Biografie-Award geht nach Münchenstein

Ein Projekt der Universität Zürich sammelt Autobiografien und vergibt jährlich Preise für besonders gelungene Beiträge. Am Montag durfte Verena Fasolin-Wiggli aus Münchenstein für ihre Biografie den zweiten Preis entgegennehmen.

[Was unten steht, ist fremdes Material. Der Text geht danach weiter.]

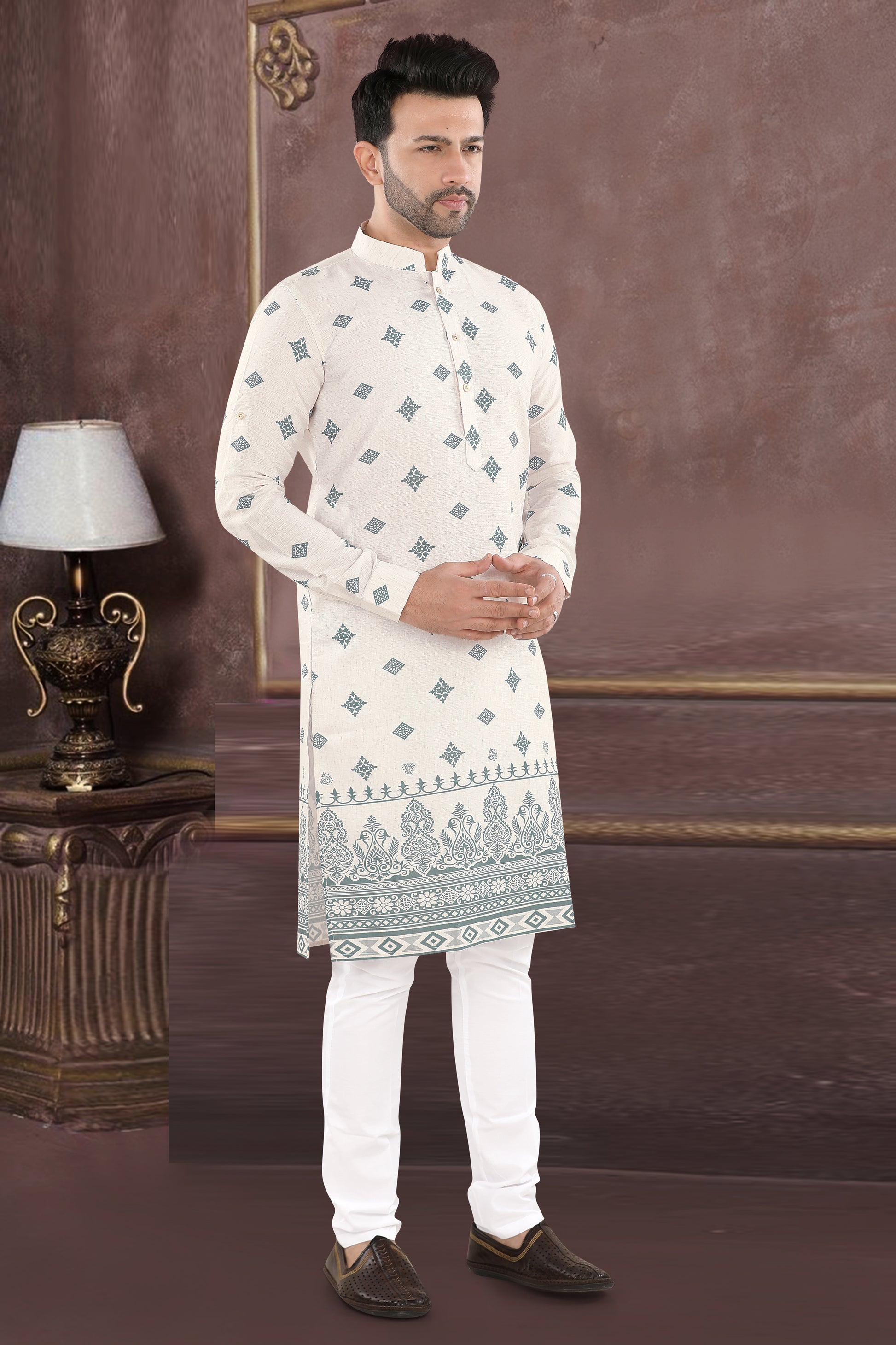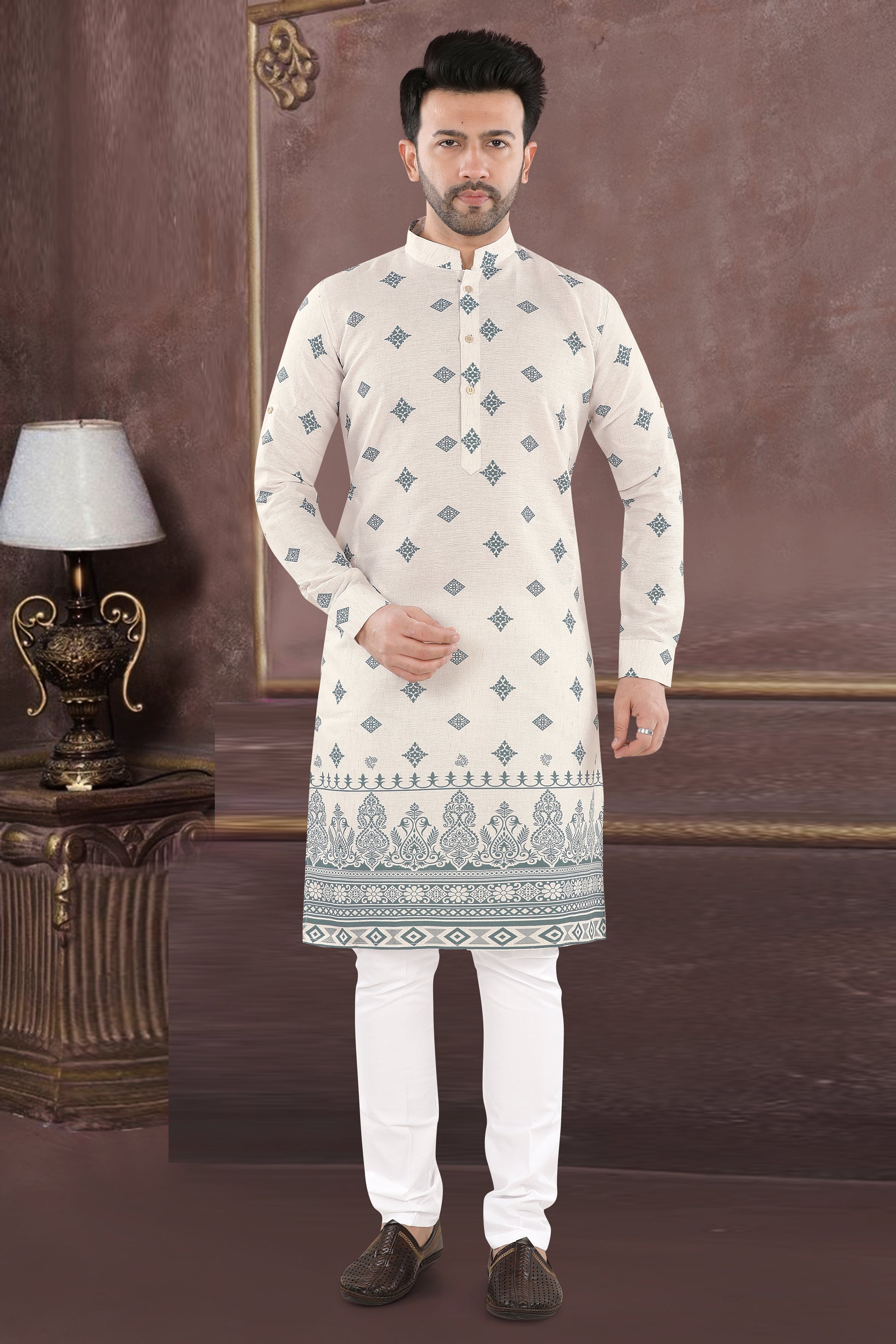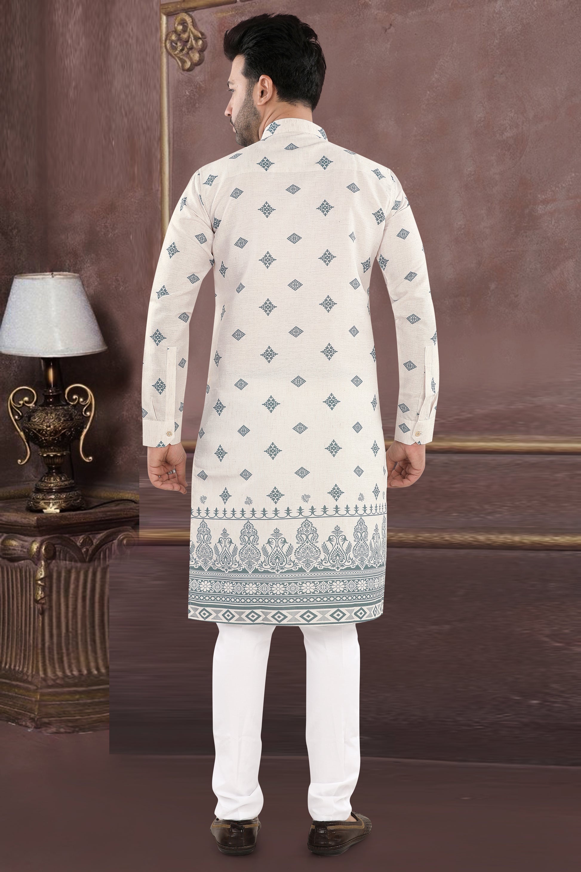 Elevate your traditional style with the Ivory Noor Heritage Kurta, a timeless piece crafted for effortless elegance. Set on a graceful ivory base, this kurta features subtle all-over geometric motifs complemented by a richly detailed heritage-inspired border print at the hem, creating a perfect balance of minimalism and tradition.
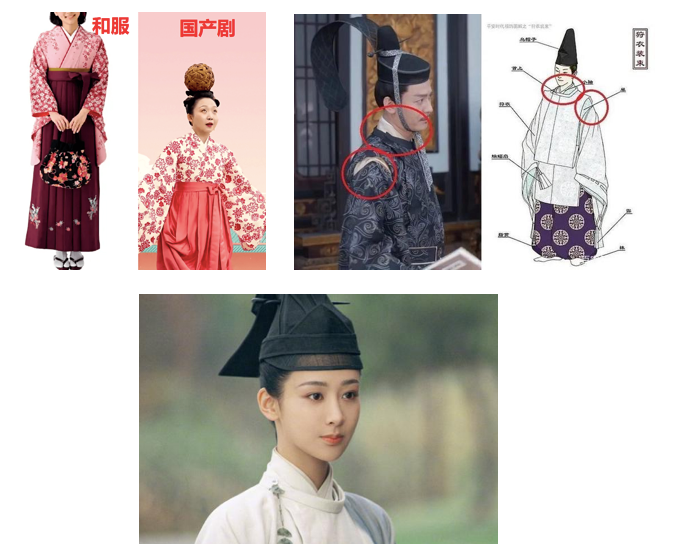 时间回到该剧播出初期(6月24日),早在微博、豆瓣等社交平台,就已有不少观众发出了“抵制”评论,并对其剧中妆造进行一一比对。比如女主刘金凤身穿的多款服装,造型、袖口和腋下,都明显与“和服”遥相呼应;剧中当朝宰相所带的乌纱帽,也被网友扒出名为日本平安时代大唐幞头的变种,名为垂缨冠,包括其在剧中穿的衣服,也与日本古代时期的“狩衣”较为吻合。

«So ischs halt gsi»: In einer nüchternen und auf das Wesentliche reduzierten Schreibe blickt Verena Fasolin-Wiggli auf ihre Lebensgeschichte zurück.  Foto: Reinhard Straumann
«So ischs halt gsi»: In einer nüchternen und auf das Wesentliche reduzierten Schreibe blickt Verena Fasolin-Wiggli auf ihre Lebensgeschichte zurück. Foto: Reinhard Straumann

Unser informatisches Zeitalter beurteilt viele Lebensfragen neu. Auch die Frage, was eine Biografie ist, hat eine dramatische Umwertung erfahren: Eine digitale Datenspur, ein Nichts unter Myriaden von binären Zeichen. Müssen wir das einfach so hinnehmen?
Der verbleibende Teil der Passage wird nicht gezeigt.